The unique physical characteristics of the macaron renders it unique. It has a square top and a smooth surface. The circumference is ruffled while the base is made flat. When placed in the mouth, it melts easily due to its semi moist surface. There are traditional as well as modern flavors. The confection is hard to produce according to the views of many.

Over the years, various variations of this product have been invented. Main variants are Swiss, French, Japanese, Korean, and American.
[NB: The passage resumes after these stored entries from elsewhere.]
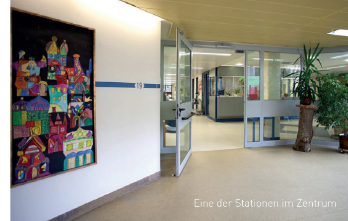
Eine der Stationen im Zentrum

Das Zentrum verfügt über zwei Chefärzte und eine große Anzahl von qualifizierten Ober- und Fachärzten, psychologischen Psychotherapeuten und Pflegekräften mit Zusatzqualifikation. Wir verfügen über eigene Dozenten und Supervisoren und bilden Fachärzte, Therapeuten und Fachpflegepersonal aus. Die Behandlung von psychischen Störungen und psychiatrischen Erkrankungen ist am erfolgreichsten, wenn Patient, Arzt, Psychotherapeut und das gesamte Behandlungsteam zusammenarbeiten und Unterstützung in der weiteren Umgebung des Kranken erfahren.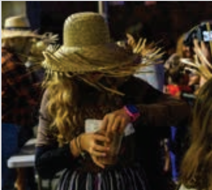
Txokolatea eskainiz hasiko da ospakizuna. AIURRI

Txokolatea Goikoplazara hurbiltzen denari txokolate beroa eskainiko zaio. Glutena hartzen ez dutenentzat ere egokia da. Batzokia elkartarekin lankidetzan prestatuko da.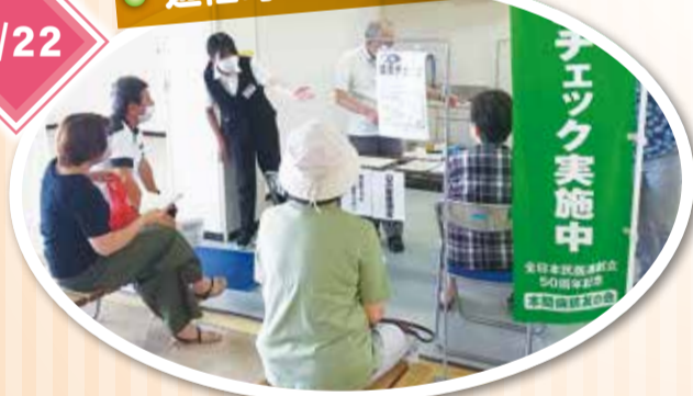
「遊佐ショッピングセンターエルパ」内での健康チェックを初めて行い、広報を見た方や買い物途中の方々が参加してくれた。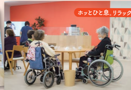
ホッとひと息。リラックス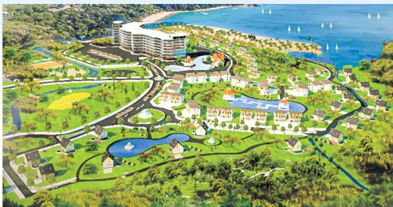
Phối cảnh khu du lịch sinh thái nghỉ dưỡng Tân Thanh

Ngày 16/3/2023, Ban Quản lý dự án và Giải phóng mặt bằng KKT phối hợp với UBND và UBNDTTQ Việt Nam xã Cát Hải, đã mời các hộ dân bị ảnh hưởng giải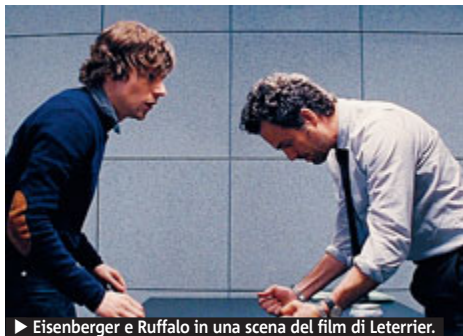
▶ Eisenberger e Ruffalo in una scena del film di Leterrier.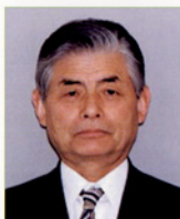
寿泉堂クリニック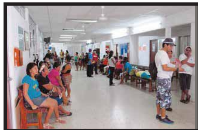
LA ATENCIÓN MÉDICA será de 24 horas.

obligatorio, las unidades de salud, brindará servicio tanto en el turno matutino y vespertino y sólo saldrá de vacaciones el personal que ya lo tenía programado. La población en caso de emergencia podrá acudir al área de... >6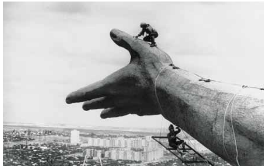
134 Reparaturarbeiten an der Statue der »Mutter Heimat«, Wolgograd o.D.

Уже в 1944 году в ходе восстановления Сталинграда были сделаны первые предложения соорудить монументальный памятник. В конце 1951 года скульптор Евгений Вучетич, автор памятника в Трептов-парке в Берлине, выполнил первый проект. В 1957 году Хрущев вернулся к рассмотрению предложений Вучетича с намерением реализовать их. Вследствие решения спорных вопросов строительство затянулось на восемь лет. Гигантский мемориальный комплекс на Мамаевом кургане был открыт 15 октября 1967 г., через три года после смещения Хрущева. В центре ансамбля стоит 85-метровая скульптура «Родина-мать зовет!» Эта монументальная скульптура, которую в 60-е годы критиковали за подчеркивающую тело одежду и невоенную девичью внешность, стала самым известным символом победоносной борьбы.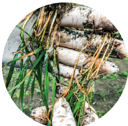
Фузариозная корневая гниль зерновых культур

На семенную инфекцию при протравливании семян и на патогены при опрыскивании по вегетации Кредо® начинает действовать через 2 – 4 часа после обработки.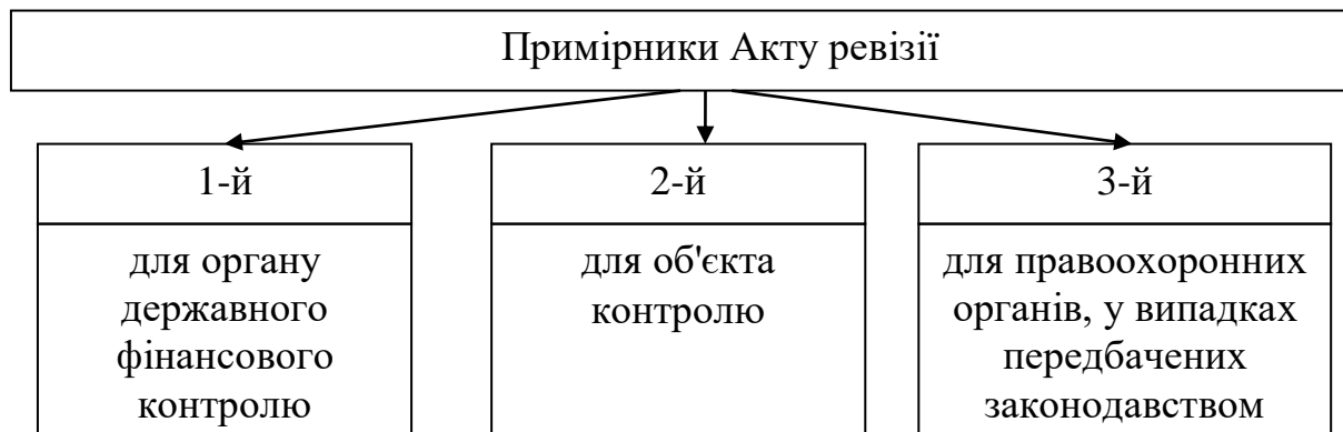
Рисунок 3.3 Кількість примірників Акту ревізії

Кількість примірників Акту ревізії наведена на рисунку 3.3.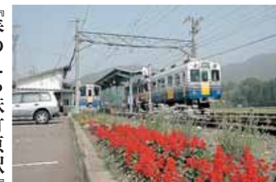
『春のえち鉄竹原駅』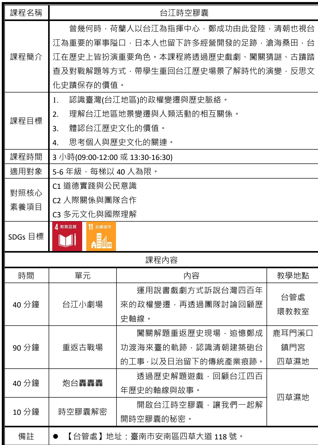
台江濕地學校《台江時空膠囊》教學方案簡表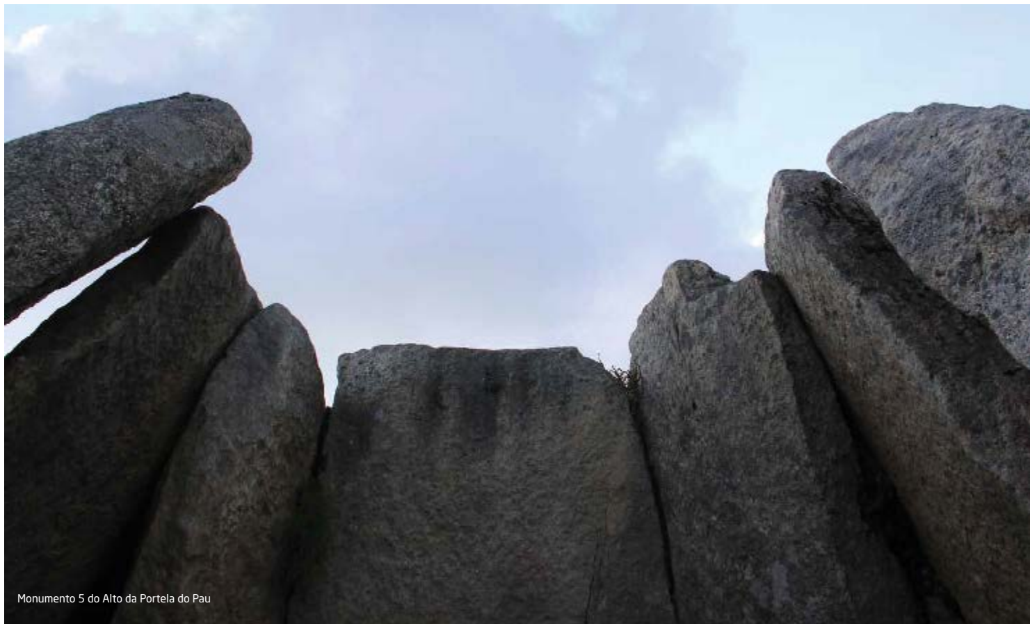
Monumento 5 do Alto da Portela do Pau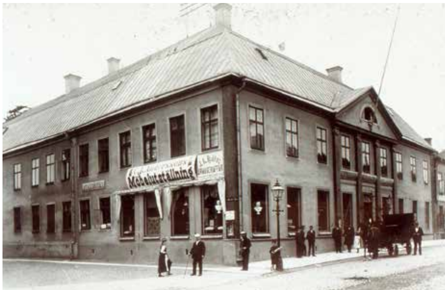
Så här såg Stadshuset vid Hovrättstorget västra sida ut där det låg bakom Ganla Rådhuset. Det var byggt på 1780-talet och brann ned 1965-. Det hade stor pampig entré mot östra Storgatan, till höger i bild och inrymde bland annat restaurang, samlingslokaler och café. Bilden tagen omkring 1900.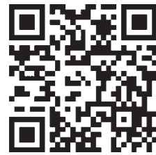
QRコード (申込フォーム)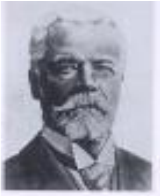
Анри Файоль 1841-1925гг.

The public dictates the flavor incorporated in the American variant. The main flavors in American variant include peach champagne, peanut butter and jelly, mint chocolate chip, pistachio, candy corn, snickers, strawberry cheesecake, and salted pretzel. Other common flavors are chocolate pea-nut butter, maple bacon, candy cane, salted caramel popcorn, cinnamon, oatmeal raisin, and pumpkin.

In Switzerland, this product is referred to as Luxemburgerli, which is also a brand name. The product is comprised of two disks of almond meringue that has butter-cream filling. Luxemburgerli are made smaller and have lower weights too with an airy consistency. Major flavors include vanilla, chocolate, chocolate chip, hazelnut, amaretto, champagne, chestnut, caramel, cinnamon, lemon, raspberry, mandarin, and mocha among others. When refrigerated, they have a shelf life of 3-5 days. Most flavors are made seasonal.

Outside the European continent, macarons are very popular. Many cooking TV shows have featured them in different countries. It is often an achievement to learn how to make this confection and in various societies, it has become an important item of culture. It is a fashion item in Japan.

The cost of this confection varies with the location. Certain aspects like shape and size may also vary with the location just like ingredients are varied in different locations. Generally, however, despite the slight variations, the recipe remains widely the same globally.